---------- DATASET EXTRACT

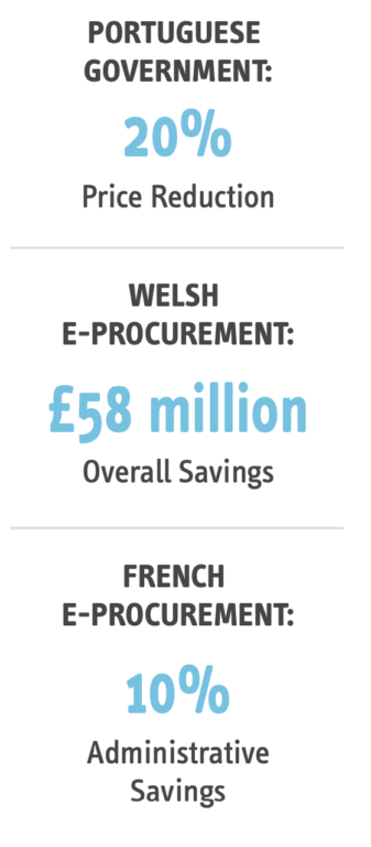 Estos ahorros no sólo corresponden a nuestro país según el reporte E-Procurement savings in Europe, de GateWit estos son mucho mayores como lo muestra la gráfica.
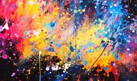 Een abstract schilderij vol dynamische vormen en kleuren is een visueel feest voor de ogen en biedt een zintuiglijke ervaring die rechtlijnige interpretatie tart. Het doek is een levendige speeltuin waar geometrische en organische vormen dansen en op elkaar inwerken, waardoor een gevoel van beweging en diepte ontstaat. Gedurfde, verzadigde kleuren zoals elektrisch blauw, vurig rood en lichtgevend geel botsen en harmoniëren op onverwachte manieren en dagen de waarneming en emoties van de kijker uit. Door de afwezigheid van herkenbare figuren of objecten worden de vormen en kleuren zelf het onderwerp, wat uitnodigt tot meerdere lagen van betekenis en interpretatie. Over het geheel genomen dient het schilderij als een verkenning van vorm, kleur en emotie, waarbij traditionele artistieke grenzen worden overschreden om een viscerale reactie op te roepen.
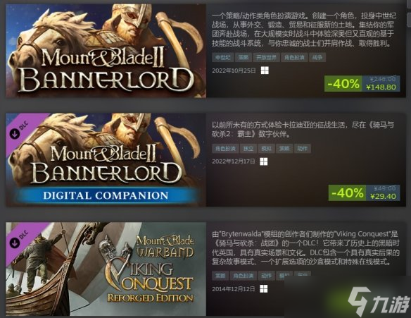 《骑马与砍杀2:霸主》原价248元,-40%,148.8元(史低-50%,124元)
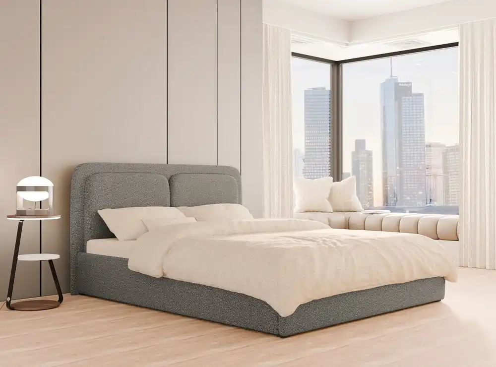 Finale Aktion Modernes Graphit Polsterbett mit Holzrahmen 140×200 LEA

--------------------

■ WHAT YOU ARE ASKED TO DO
Output the material above word for word. Leave out its images.

■ EXERCISE OUTPUT
 Estos ahorros no sólo corresponden a nuestro país según el reporte E-Procurement savings in Europe, de GateWit estos son mucho mayores como lo muestra la gráfica.
 Een abstract schilderij vol dynamische vormen en kleuren is een visueel feest voor de ogen en biedt een zintuiglijke ervaring die rechtlijnige interpretatie tart. Het doek is een levendige speeltuin waar geometrische en organische vormen dansen en op elkaar inwerken, waardoor een gevoel van beweging en diepte ontstaat. Gedurfde, verzadigde kleuren zoals elektrisch blauw, vurig rood en lichtgevend geel botsen en harmoniëren op onverwachte manieren en dagen de waarneming en emoties van de kijker uit. Door de afwezigheid van herkenbare figuren of objecten worden de vormen en kleuren zelf het onderwerp, wat uitnodigt tot meerdere lagen van betekenis en interpretatie. Over het geheel genomen dient het schilderij als een verkenning van vorm, kleur en emotie, waarbij traditionele artistieke grenzen worden overschreden om een viscerale reactie op te roepen.
 《骑马与砍杀2:霸主》原价248元,-40%,148.8元(史低-50%,124元)
 Finale Aktion Modernes Graphit Polsterbett mit Holzrahmen 140×200 LEA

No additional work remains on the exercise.